Promo or coupon code abuse: Retailers typically run promo code discounts to gain new customers or encourage existing clients to make repeat sales. While these promotions can often be hugely successful, they are nonetheless extremely vulnerable to coupon abuse. The scale of the code abuse problem can run from the relatively innocuous (e.g., a customer creating a fake account to gain a small percentage discount on clothing) to potentially financially crippling scams developed by cybercriminals to fraudulently generate vast sums of money. In particular, referral codes where one user recommends another in return for a discount or financial reward are particularly prone – and very difficult to protect against.

Cyberattacks: Where there is money to be made, you can be sure the fraudsters won’t be far behind, and the e-com industry is no exception, unfortunately. In recent years, cybercriminals have become increasingly more inventive and sophisticated in the types of attacks they’re launching against both online stores and their customers. From launching Distributed Denial of Service (DDoS) attacks against sites to phishing scams masquerading as a recognized company to brute force attacks to hack into a site’s underlying code and database, the tactics used by online criminals are as varied as they are dangerous. For the best protection against online criminals, you should look at entrusting the development and running of your site and its e-com functions to a trusted web design company, host, and security provider.
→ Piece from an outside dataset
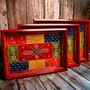 TERRACOTTA POTTERY OF RAJASTHAN brings to you an Exquisite Indian Traditional Wooden Tray Set that will surely help you create a WOW factor experience in front of your guests. It is beautifully handcrafted by the abled craftsman of Rajasthan India. The founders of TERRACOTTA POTTERY OF RAJASTHAN vowed to make a difference to the lives of thousands of local craftspeople & artisans thereby creating a global marketplace for them. With every purchase you make through TERRACOTTA POTTERY OF RAJASTHAN you contribute to the development and promotion of the rich heritage of our country. Features (a) Beautifully handcrafted & handpainted by the abled craftsman of Rajasthan India. (b) Brings Exquisite Indian Traditional Wooden Tray Set to your table. Fits perfectly on auspicious occasions. (c) Ideal for gifting purpose. Gives a great aesthetic feel. (d) Durable & Long Lasting. Can be used as Decoratives as well. Form Of Art: Ethnic Rajasthani Traditional Art Material Used: MDF Disclaimer (a) Cup & Tea Coasters used in the photographs are not included in the set. (b) Since it is handcrafted & handpainted slight color & design variation is bound to happen that inturn distinguishes the product & art. Package Includes: One Handcrafted & Hand-Painted Embossed Wooden Serving Tray Large. ( Tea Coasters is a separately purchasable Product)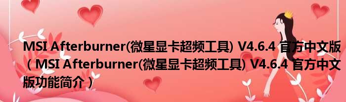 MSI Afterburner(微星显卡超频工具) V4.6.4 官方中文版(MSI Afterburner(微星显卡超频工具) V4.6.4 官方中文版功能简介)

Developing customer and brand loyalty: While selling online drastically cuts a shop’s overhead in terms of staff, stock, and premises, this reduction in interpersonal contact also presents another problem – namely, that it’s much harder to develop a relationship with consumers through technology and a screen. However, if a company doesn’t succeed in building brand loyalty, it will ultimately struggle. Research shows it costs five times more to source a new customer than it does to retain an existing one – plus the old Pareto Principle states just 20% of a firm’s clients generate around 80% of its sales. To combat the problem, try installing a live chat function on your site to encourage your trustworthiness and develop communication with potential customers. You should also be fully transparent with your contact details/terms and conditions and also ensure you provide the best possible customer experience and support. Customer Relationship Management (CRM) software can largely automate the task of customer care and support.

Returns and refunds: Shoppers will inevitably return goods from time to time – however, how you handle returns is vitally important if your e-com venture is to succeed. Somewhat unsurprisingly, given the blind nature of buying online, over 60% of all e-com shoppers check a store’s returns policy before making a purchase – with 80% saying that overly complex returns or refunds policies put them off buying in the first place.